### Exercise data
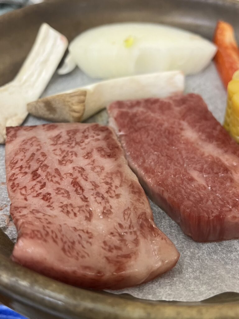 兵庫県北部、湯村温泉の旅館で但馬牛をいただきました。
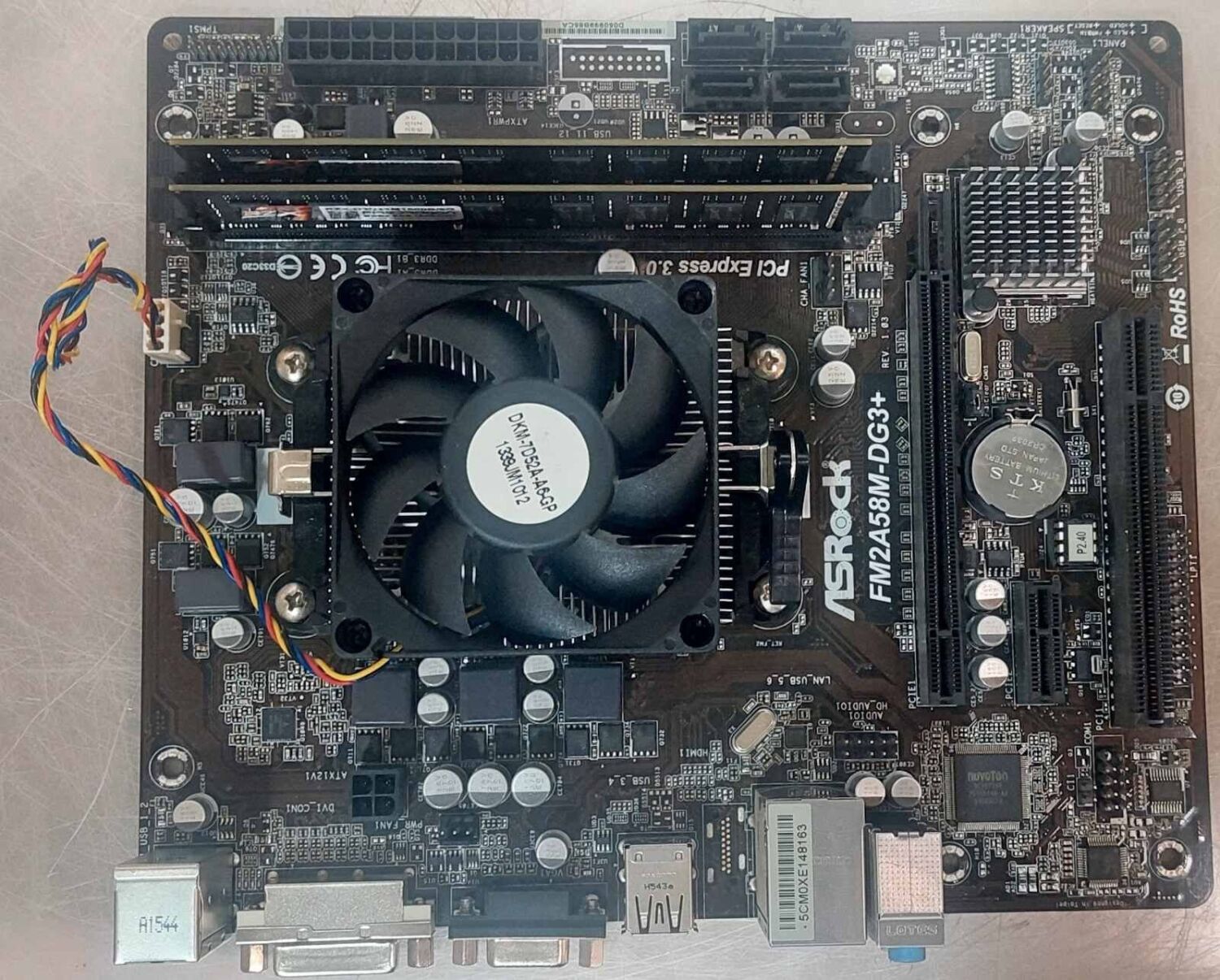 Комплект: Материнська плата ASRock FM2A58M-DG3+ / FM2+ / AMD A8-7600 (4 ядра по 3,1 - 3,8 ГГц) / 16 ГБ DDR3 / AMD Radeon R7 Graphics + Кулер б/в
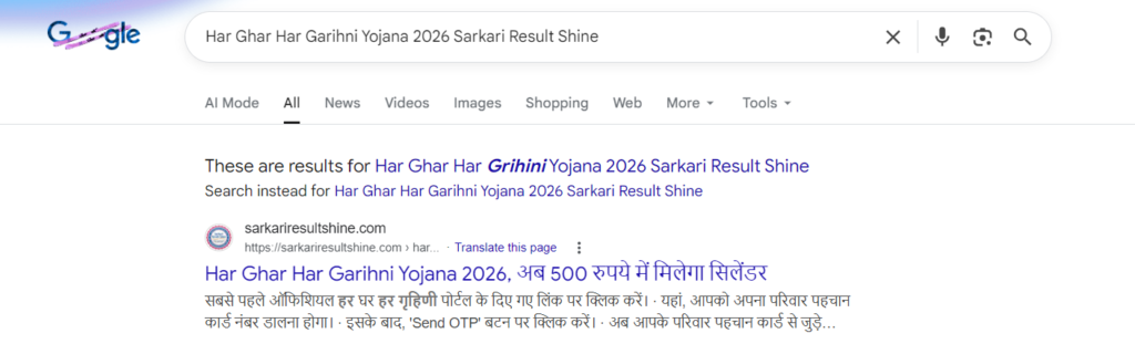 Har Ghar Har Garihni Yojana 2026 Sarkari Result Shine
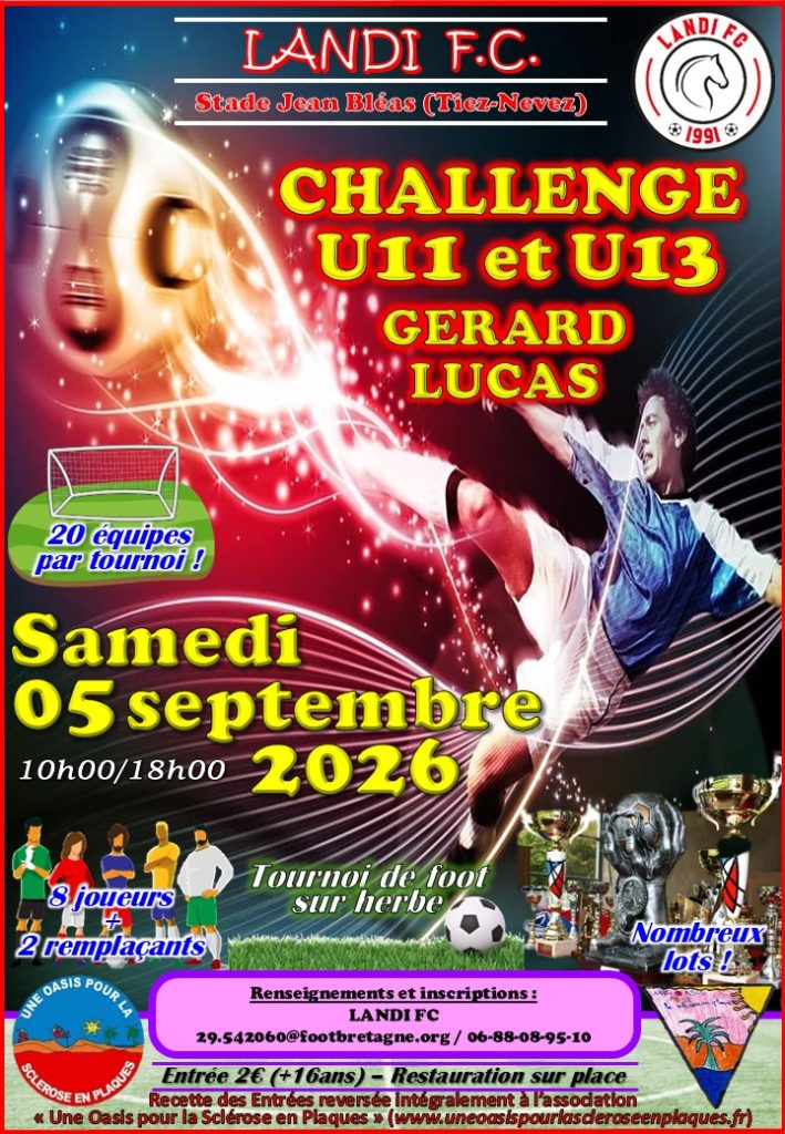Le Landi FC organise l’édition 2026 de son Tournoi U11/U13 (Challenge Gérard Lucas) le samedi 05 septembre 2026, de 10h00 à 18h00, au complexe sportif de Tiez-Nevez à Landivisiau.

### Work required
No pictures belong in the copy. Repeat the listing above exactly.

### The answer
 兵庫県北部、湯村温泉の旅館で但馬牛をいただきました。
 Комплект: Материнська плата ASRock FM2A58M-DG3+ / FM2+ / AMD A8-7600 (4 ядра по 3,1 - 3,8 ГГц) / 16 ГБ DDR3 / AMD Radeon R7 Graphics + Кулер б/в
 Har Ghar Har Garihni Yojana 2026 Sarkari Result Shine
Le Landi FC organise l’édition 2026 de son Tournoi U11/U13 (Challenge Gérard Lucas) le samedi 05 septembre 2026, de 10h00 à 18h00, au complexe sportif de Tiez-Nevez à Landivisiau.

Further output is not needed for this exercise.